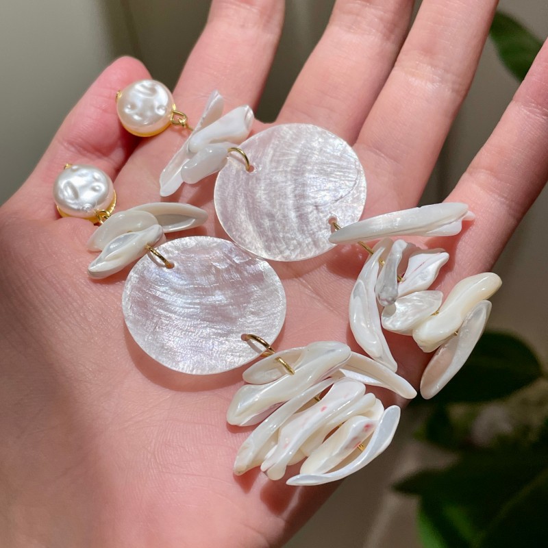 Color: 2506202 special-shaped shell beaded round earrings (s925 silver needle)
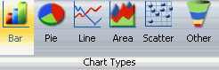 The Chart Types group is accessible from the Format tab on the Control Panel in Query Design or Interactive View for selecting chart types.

************

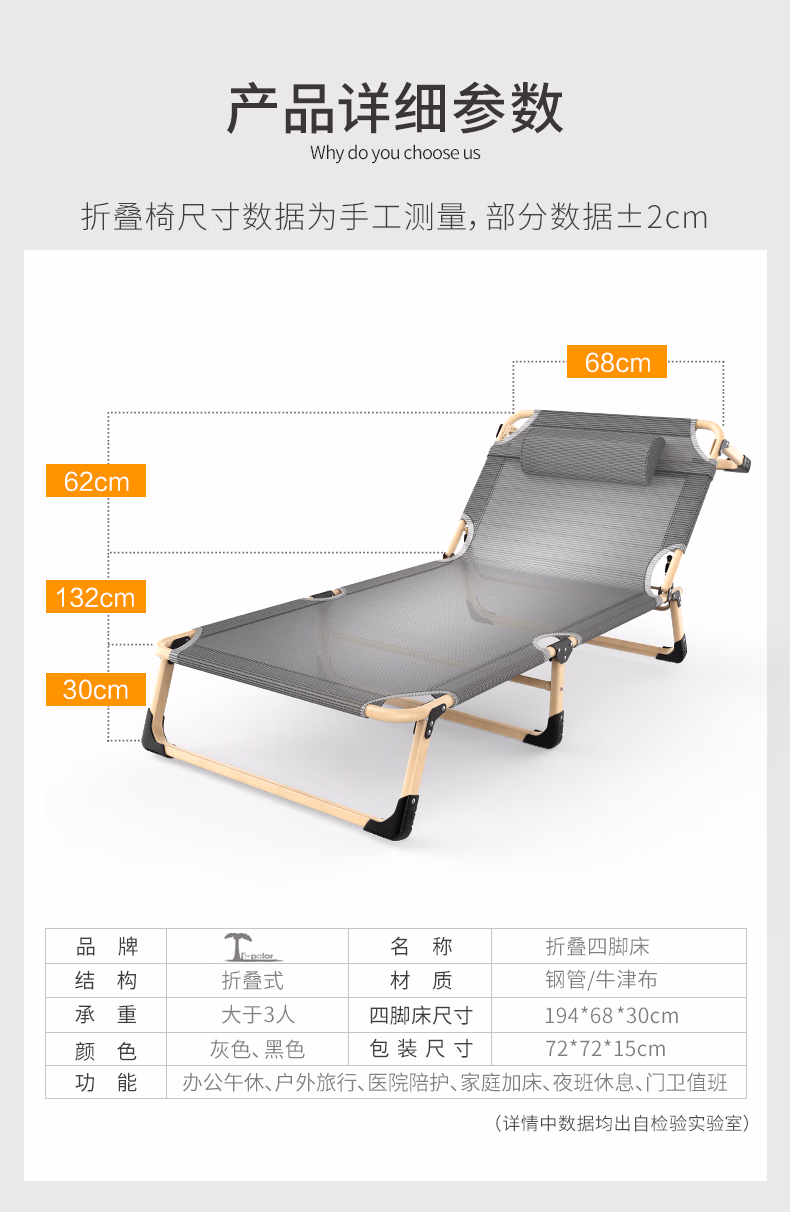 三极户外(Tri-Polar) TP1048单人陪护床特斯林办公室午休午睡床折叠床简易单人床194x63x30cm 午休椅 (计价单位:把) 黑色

************

**What needs to be done:**
What lines above run from the one with "Color: 2506202 special-shaped" to the one with "The Chart Types"? Give them again exactly, ends included, and leave the pictures out.

**Completed exercise:**
 Color: 2506202 special-shaped shell beaded round earrings (s925 silver needle)
 The Chart Types group is accessible from the Format tab on the Control Panel in Query Design or Interactive View for selecting chart types.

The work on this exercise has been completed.